Schrag, the climate guy, cautioned that due to the lengthy time scales associated with climate issues, the unfortunate news is that people’s actions already have committed the planet to centuries of warming — even if people magically stopped all their malignant practices today.

“I think it’s important to be honest as a scientist,” he said. “It remains possible, even likely, that global efforts will fall far short of what is required to prevent massive suffering, both by human societies and by the natural world.”

But then he quoted Darwin, the famous scientist who noted the most adaptable species will survive. People, Schrag added, are “really good” at adapting.

In other words: The situation is urgent. But it’s not completely hopeless.

A Shift to Plant-Based Eating Is Necessary for the Survival of Our Species

Schrag pointed to COVID-19 as an example of how human habits can massively and drastically change. A year ago, he wouldn’t have believed it possible for people — globally — to “shut down” their lives: to limit travel, recreation, and other socializing for nine months or more.

But with the pandemic, that’s happened.

“We’ve seen, with COVID-19, an incredible change driven by unexpected consequences,” he said. “As climate change ramps up, the kind of behavior that seems impossible will become the new reality.”

Reiley, the Washington Post reporter, said that about 50 million people in the United States are “food insecure” — a term used to describe people who don’t have reliable access to healthy, affordable food. 

In communities where the nearest “grocery store” is a dollar store, plant-based options are often limited, she said.

But Willett noted that public assistance programs, like SNAP and WIC, cover vegetables and healthy options. He said the biggest factors he’s found that are holding back people — including those from low-income communities — from eating more plants is not a lack of money, but a lack of knowledge. People often don’t know how to prepare vegetables or make them taste good, he said. 

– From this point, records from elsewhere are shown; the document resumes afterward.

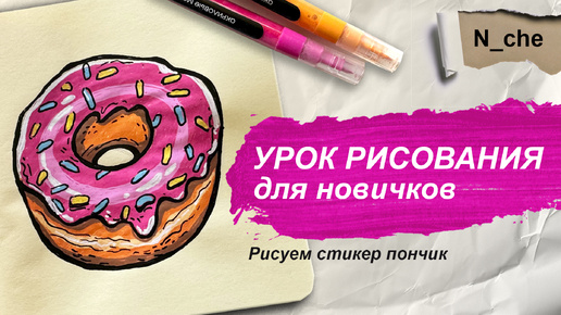 Урок по рисованию для новичков. Рисуем стикер-пончик акриловыми маркерами
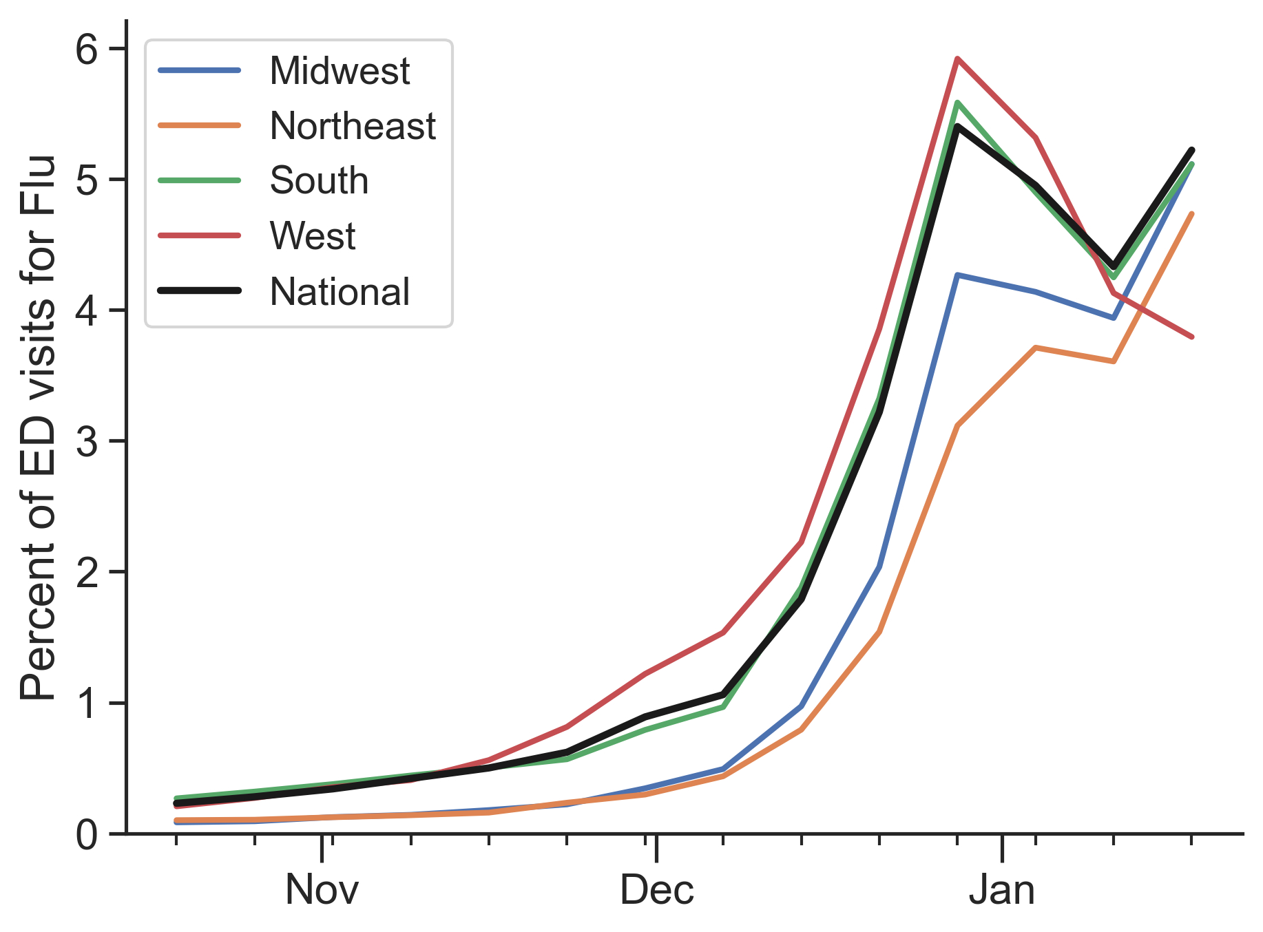 The South and Midwest are most heavily affected, but all four regions of the country continue to see substantial flu activity. Emergency department visits, for example, have resumed increasing in the South, Midwest and Northeast. Only the Western region is seeing continued decline in that metric.
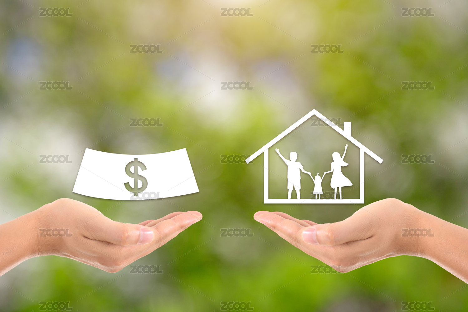 一只手托着虚拟的美元硬币和另一只手托着装着一家三口的房子进行交易
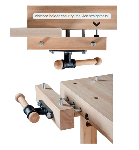 Прочное подверстачье из массива бука крепится болтами, которые при необходимости можно подтянуть в процессе эксплуатации.
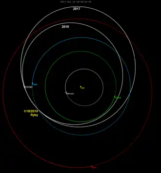 - Flyby diagram of 2018 BD, Minor Planet Center
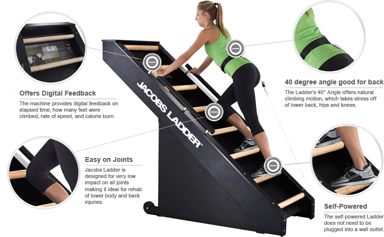 Unlike most cardio machines, this patented treadmill climber utilizes low impact, high range of motion exercise to provide a superior cardio workout to both the upper and lower body. Jacobs Ladder is an innovative cardio machine with ladder-type rungs on a non-motorized continuous treadmill.
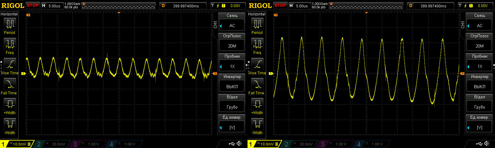 Была поначалу какая-то странность, я выставил ток нагрузки 6А, сделал скрин, потом 12А, сделал скрин, удивился, потом поднял до 17.5А и удивился еще больше, потому как пульсаций почти не было, в отличие от теста при токе 6А (слева) и особенно 12А (справа).
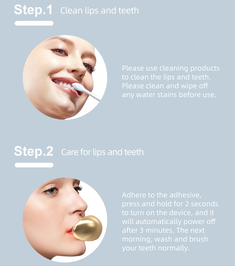 Step.2 Care for lips and teeth Adhere to the adhesive,press and hold for 2 secondsto turn on the device, and itwill automatically power offafter 3 minutes. The nextmorning, wash and brushyour teeth normally.

Reiley added that many people in today’s fast-paced and time-crunched world also shy away from plant-based recipes that require hours of preparation, such as cooking fresh beans.

But those setbacks are not insurmountable.

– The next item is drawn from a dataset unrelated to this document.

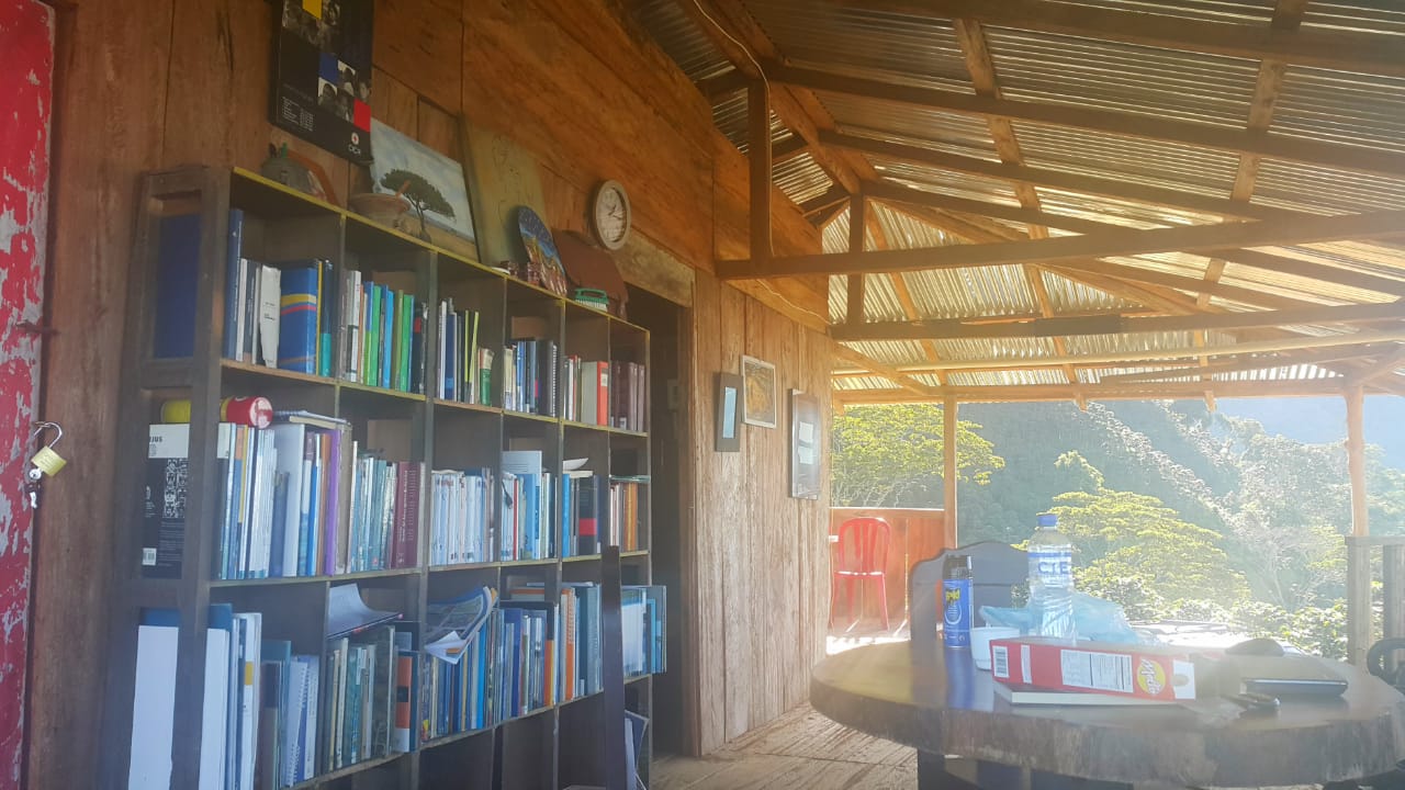 La Casa de la montaña cuenta con libros en calidad de préstamo (español, inglés y francés) para nuestros visitantes. En el puedes encontrar desde literatura, poesía y debates en temas de importancia nacional. Es un lugar privilegiado para la lectura por el entorno: tiene una brisa fría constante (está en el filo de la montaña) y es lugar de paso de centenares de pájaros. No hay ruidos diferentes a los que produce la naturaleza y el huésped puede ir a leer dentro de los cafetales o a los alrededores de la Casa de la Montaña. La tranquilidad es nuestro bien más preciado.

Willett said studies have shown that plant-based eating, in the long run, can actually be much less expensive than purchasing animal-derived products. 

And while plant-based alternatives, such as the “Beyond Burger,” remain too expensive currently for the everyday person, that’s also likely to change as demand increases, he said.

Meanwhile, other alternatives — like the 3D printing of meat — are emerging. The scientists on the call didn’t heartily recommend eating 3D-printed meat — although animals don’t pump out methane gas in the process, plants still have better benefits, they said — but it’s another glimmer of hope that people will find a way to save ourselves — and our precious planet — before it’s too late.